The bottom line is that if a layperson is not already open to the idea that the popular conception of nutrition science is not set in stone, you can expect to experience some pushback, if not outright anger, outrage, or serious concern for your health. This can all be incredibly frustrating for the ketonian. It's bad enough doc acts like we're going to die from eating too much fat, even though we lost the weight he insisted we needed to for our health. It's even worse when mom is convinced we're killing ourselves with our bacon consumption.

How to Cope

The purpose of these posts is to help people try to understand the mindset behind why we experience the strife we do when we change our food lifestyles. Dealing with this one can be very tricky. When people react negatively to our new food choices because they genuinely believe them to be harmful, it can be difficult to reason them through things when you're contradicting decades of thoroughly embedded thinking. The best suggestion is to understand where the distress is coming from (lack of scientific understanding and an old, outdated knowledge base) and to be as kind and understanding towards them as you can. People who are concerned for your health are usually coming from a place of love for you, even if they don't know what they don't know. Some things you can do to prepare for these interactions are as follows:

  1. Educate yourself
    • You have to know the what and why behind the ketogenic lifestyle if you're going to deal with this kind of conflict.

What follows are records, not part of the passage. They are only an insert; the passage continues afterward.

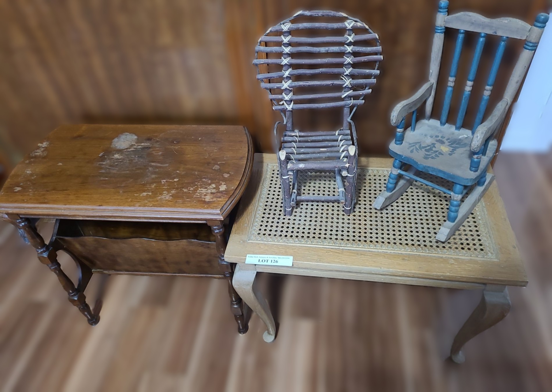 Also Incl Rattan Side Table 24 1/2 w 14 1/2 d 18 h and 2 Minature Chairs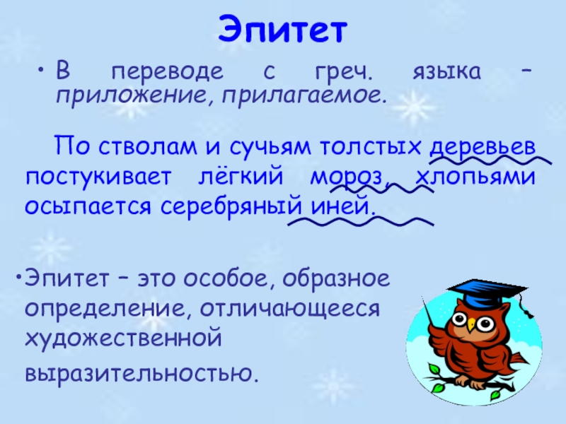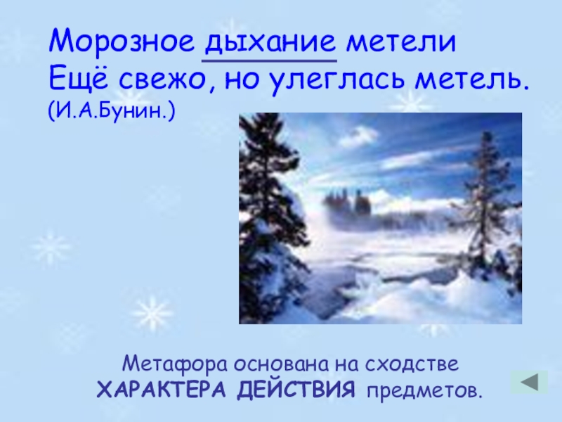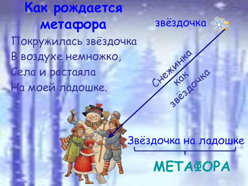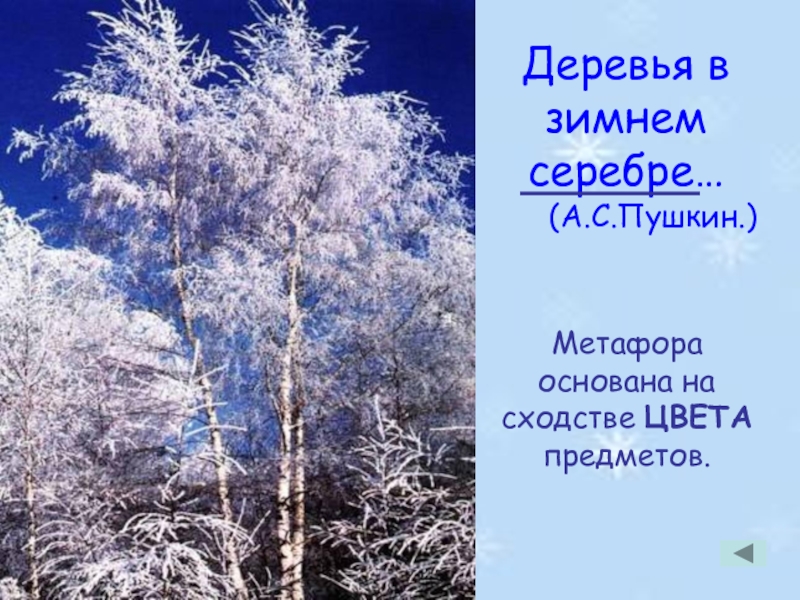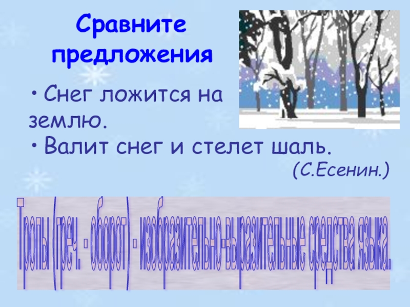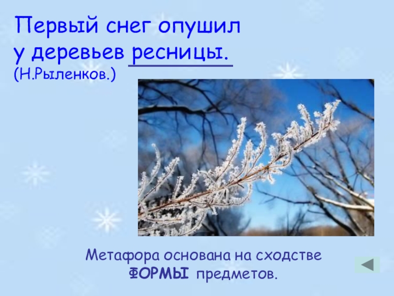 Первый снег опушил у деревьев ресницы. (Н.Рыленков.)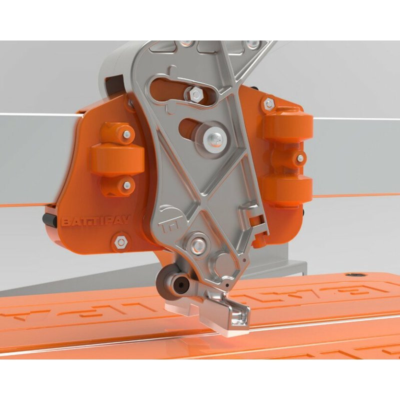 Profesionálna hliníková ručná rezačka dlaždíc BATTIPAV SINTESI je vhodná na diagonálne aj priame rezy keramických a porcelánových dlaždíc. Používa systém rezania "tlačením", ktorý je jednoduchý a efektívny. Telo rezačky je z odolného hliníka, čo ju robí pevnou, ale zároveň ľahkou. Rezacia hlava s 9 guličkovými ložiskami zabezpečuje ľahké kĺzanie a vysokú presnosť rezov. Lámač dlaždíc má magnetické ovládanie a plastový chránič proti škrabancom. Goniometrické pravítko z jedného kusu hliníku je pevné a dobre čitateľné, vhodné na rovné a 45° rezy, s možnosťou opakovať rovnaké rezy. Bočné podpery pomáhajú pri rezaní veľkých dlaždíc. Rezačka je vybavená prepravnými kolieskami a rúčkou pre jednoduché prenášanie.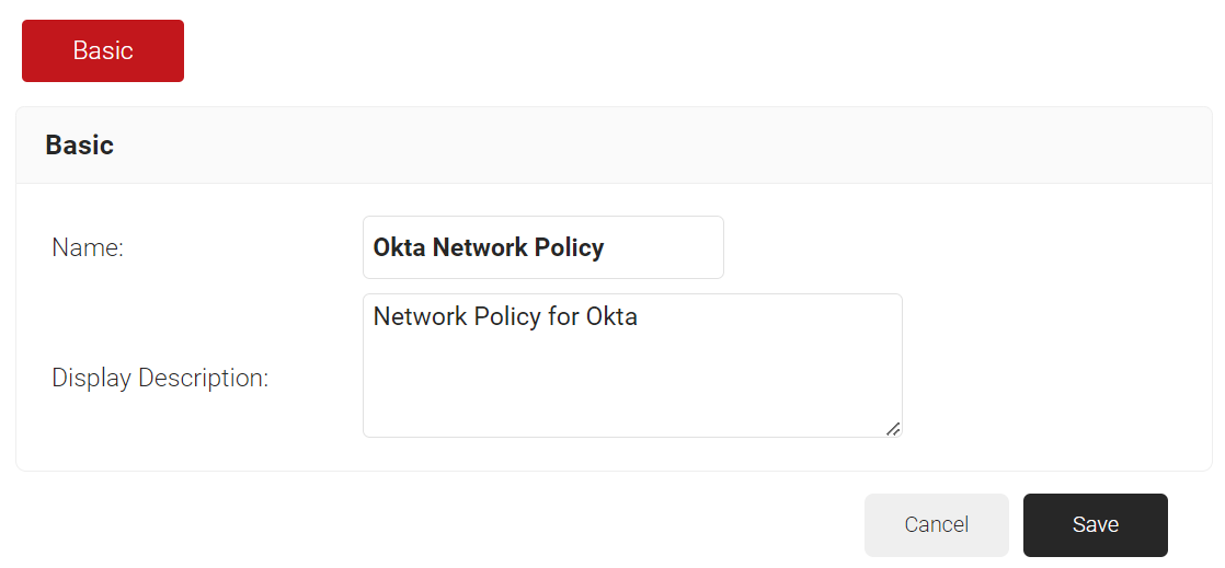 - In the Basic section, in the Name field, enter the name of the network policy.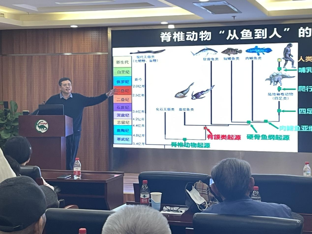 论坛结束后,在古脊椎所校友朱敏(小,与院士同名)的带领下,校友们参观了中国古动物馆。他用生动的语言,让母校领导和北京校友从实物化石的角度,让校友们在听报告的基础上,又在视觉上直观地认识到了脊椎动物从鱼类(海口鱼)演化到人类的复杂演化历程。

If you don't really understand why this works and that there is a plethora of scientific evidence that it's not only not harmful, it's actually healing, you're going to have a hard time explaining your choices to someone who is concerned for your health and bombarding you with links to low-fat/calorie-counting advocacy.
  2. Be kind
    • If someone is genuinely concerned about your health because they believe the old diet dogma to be true, their motives aren't bad, just misguided. Yes, it's incredibly frustrating when Aunt Sue had nothing at all to say when you were diving head-first into a plate of cookies, but is suddenly aghast that you're eating all that bacon and butter. Remember that for all of Aunt Sue's life, she's been told that fatty foods will kill you and also that it's okay to have anything in moderation. She may even believe that you "deserve" those old cookie indulgences and you're "depriving" yourself now. By going keto, you're contradicting what she thinks she knows and that's hard to process. If she's willing to listen, educate her, but do it gently and with love.
  3. Remember where you came from
    • Most important when dealing with other people is to remember that at one point you believed all the diet dogma, too. We all did. Keep that in mind and it will help you be patient with others.

Keeping these tips in mind and remembering that our movement is still very counter-cultural within the health and wellness community, much less society as a whole, will help you navigate tense or difficult situations when they arise. Above all, be true to yourself and your health, be confident in your choices, and keep on keto-ing on.